# Confidence Interval based on two sample tests

Mutaja

## Homework Statement

The following two samples are corrosion values for 20 untreated pipes (Xi) and 20 surface treated pipes (Yi)

∑Xi = 950, ∑Xi2 = 46344 and ∑Yi = 1092, ∑Yi2 = 62136

We want to examine if there is basis to claim that the surface treatment reduce corrosion.

a)

1: Find a 95% confidence interval for µX - µY based on the samples above. Be clear as to which assumptions you have done. Does the surface treatment reduce the corrosion?

2: Perform a hypothesis test with significance level 5%. Again be clear as to which assumptions you've done to use this test.

A new test is being done on 20 different pipes.
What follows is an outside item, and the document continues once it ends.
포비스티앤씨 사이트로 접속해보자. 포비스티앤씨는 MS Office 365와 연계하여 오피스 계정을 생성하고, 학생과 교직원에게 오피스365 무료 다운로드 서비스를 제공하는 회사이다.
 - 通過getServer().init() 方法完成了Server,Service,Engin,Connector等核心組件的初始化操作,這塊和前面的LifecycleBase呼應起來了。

This time the test is done by using the surface treatment on one side (Xi), and the other side of the same pipe is left untreated (Yi). Below is the result.

b)

Do a hypothesis test regarding the surface treatment reducing corrosion. Again use significance level 5%. Be clear as to which assumptions you have done to use this test.

## Homework Equations

Not sure. Let me know and I will edit this section.

## The Attempt at a Solution

[/B]
I will focus on A for now.

First I need to identify the average corrosion values:
x̅ = ∑Xi / 20 = 950/20= 47.5
Ȳ = ∑Xi / 20 = 1092/20= 54.6

Then I find the Z value or T value from the tables (not sure which) for 95% confidence interval.
Z0.025 = 1.96
T0.025 = 2.093

Finding the variance:

S2 = 1/19 * Σ(Xi - x̅)2 + Σ(Yi - Ȳ)2
I calculated this manually to be 196.41.

Which then gave me the confidence interval: 950 - 1092 +/- 2.093*√(196.41) * √(1/20 + 1/20)
=[-132.72, 151.28]

Where am I going wrong, and how do I use the numbers I get for my confidence interval to draw a conclusion?
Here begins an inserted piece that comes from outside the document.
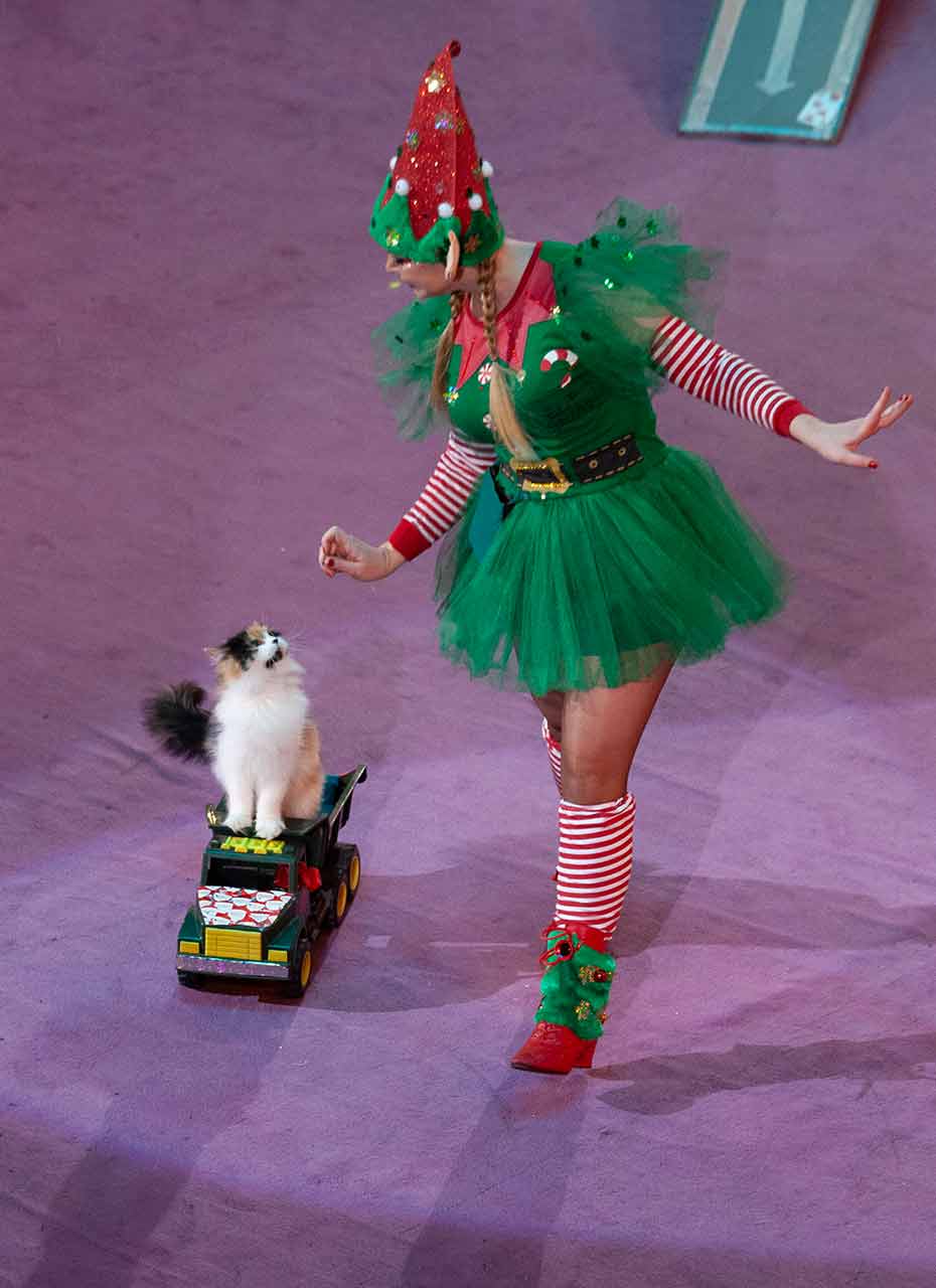 І великих малих глядачів підкорила своїми котиками Анжела Тонкопій. Артистка майстерно взаємодіє зі своїми пухнастими підопічними, навчаючи їх веселим трюкам та комічним виступам. Кожен котик виконує свою унікальну роль, створюючи неперевершену атмосферу радості та сміху серед глядачів. Цей номер не лише демонструє дотепну дресуру, але і надихає публіку своєю чарівністю та гумором.

PS: I remember for way back when using this forum that there was a much easier way of typing formulas properly. And the problem is translated from Lithuanian so please let me know if something is unclear.

#### Attachments

• NFnWq98.png
3.2 KB · Views: 627
• wCDrtgi.png
3.1 KB · Views: 266

Homework Helper
Gold Member
In your formula for ##S^2## you have assumed the samples have equal variance, which is not justified by the question.

The test to perform here is Welch's t-test for unpaired data, where equal variances is not assumed. See here.

To type clear mathematical formulae, you can use LaTeX. Instructions are here. Also, I think some of your formulae above are missing important parentheses, which makes it hard to follow them.

Mutaja
In your formula for ##S^2## you have assumed the samples have equal variance, which is not justified by the question.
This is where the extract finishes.